Large SCSI Disks and XL1201

TL;DR:

  • SCSI disks with 20M 1280-byte blocks work
  • SCSI disks with 25M 1280-byte blocks work
  • SCSI disks with 28M 1280-byte blocks work
  • SCSI disks with 28,870,145 1280-byte blocks works

Both Narrow and Wide single-ended SCSI drives work - the wide ones with appropriate

Chances are I was having problems with the full ~28.9M blocks initially because I didn't power-off reboot the XL1201 after the full .

Details

I have a Seagate Barracuda ST336918N, a 50-pin narrow SCSI drive which is formatted at 1,280 byte blocks. Unfortunately, the XL1201 cannot create an FEP filesystem.

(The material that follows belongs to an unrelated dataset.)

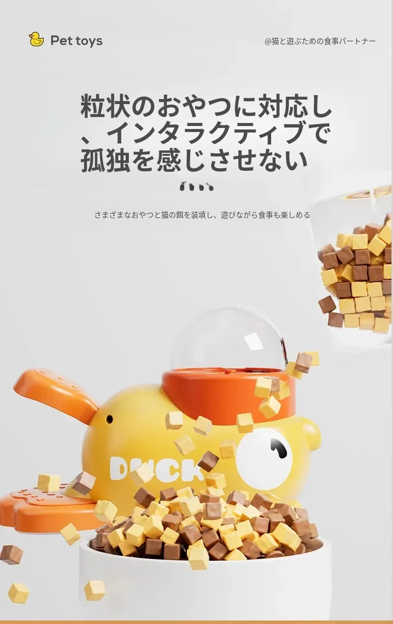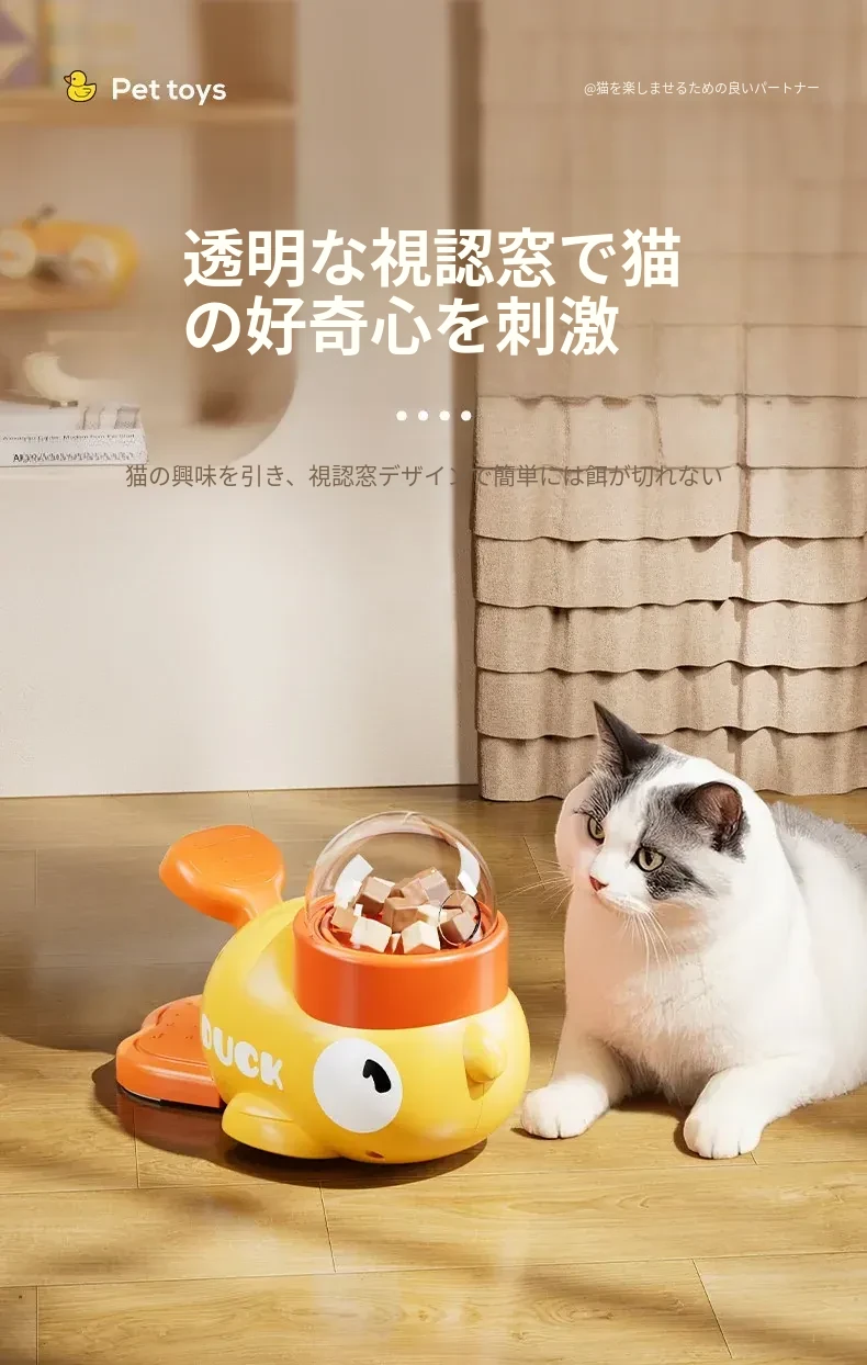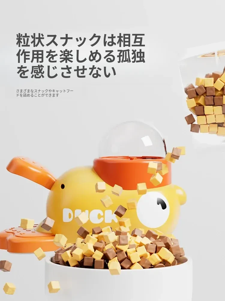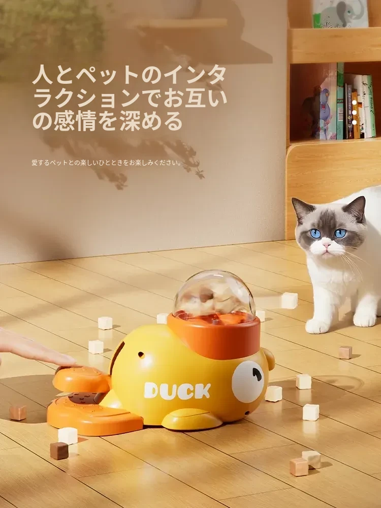 自分で遊べる猫のおもちゃ!小さな黄色いアヒルの冷凍乾燥発射器で、猫ちゃんも大喜び!押すだけでおやつが出てくる楽しい猫じゃらし。ペットの食事も楽しみながら、退屈を吹き飛ばそう!

I also have a Seagate Cheetah ST318451LW, a 68-pin wide differential SCSI drive that boots and runs Genera just fine.

I wonder if there is some sort of cutoff in the FEP filesystem that indicates a certain maximum size, or if it's in the SCSI interface hardware, or what.

DriveBlocks
ST336918N28,870,145
ST318451LW15,260,674

One obvious cutoff point here is 2^24 blocks (16,777,216) if there is a block count limit. That would be 3 bytes to specify any block number.

(By the way, the Linux sg3_utils is the ultimate tool for working with these drives.)

As a first test, I'm going to try 20,000,000 blocks and see if that works.

linux:~# sg_format --resize --count=20000000 -vvv /dev/sdc  
...
lots of output  
...
Resize operation seems to have been successful  

We can check with sg_readcap and indeed, it looks good. Now it says:

...
   Last logical block addresss=19999999 (0x1312cff), Number of blocks=20000000
   Logical block length=1280 bytes
Hence  
   Device size: 25600000000 bytes, 24414.1 MiB, 25.60 GB

Now, I have to put the drive back into the Symbolics XL1201 and test it.

Booting Genera 8.3 it shows up as:

SCSI address 1 on controller 0: SEAGATE ST336918N 0003, direct access, 20000000 blocks of 1280 bytes (24G bytes  
                                total).

Then, I'm able to create a FEP filesystem with no problem! Let's see what the Show Directory says. Note that this takes a very long time you first access a FEP filesystem with Disk Wait and a flashing underline in the status bar; I assume it's caching details about the FEP filesystem in RAM as subsequent Show Directory commands run very quickly.

Command: Create Initial Fep Filesystem (FEP unit number) 8  
Command: Show Directory (...) FEP8:>*.*.newest

FEP8:>*.*.newest  
  19997910 free, 2090/20000000 used (0%)
...

So, evidently 20M blocks works but ~28.9M blocks doesn't. So, let's try again with 25M blocks.

It seems to have worked with 25M blocks (but I forgot to take a picture). One difference is that it warned me that I already had an FEP filesystem before allowing me to overwrite it.

So, let's try a third time with 28M (exactly) blocks. This one worked this time (and I took pics). So, let's try one more time with the full disk size restored...

linux:~# sg_format --resize --count=-1 -vvv /dev/sdb  

(Yes, I changed other devices on the SCSI chain in Linux so it became /dev/sdb.)

Well, the full disk size Create Initial FEP Filesystem command worked too.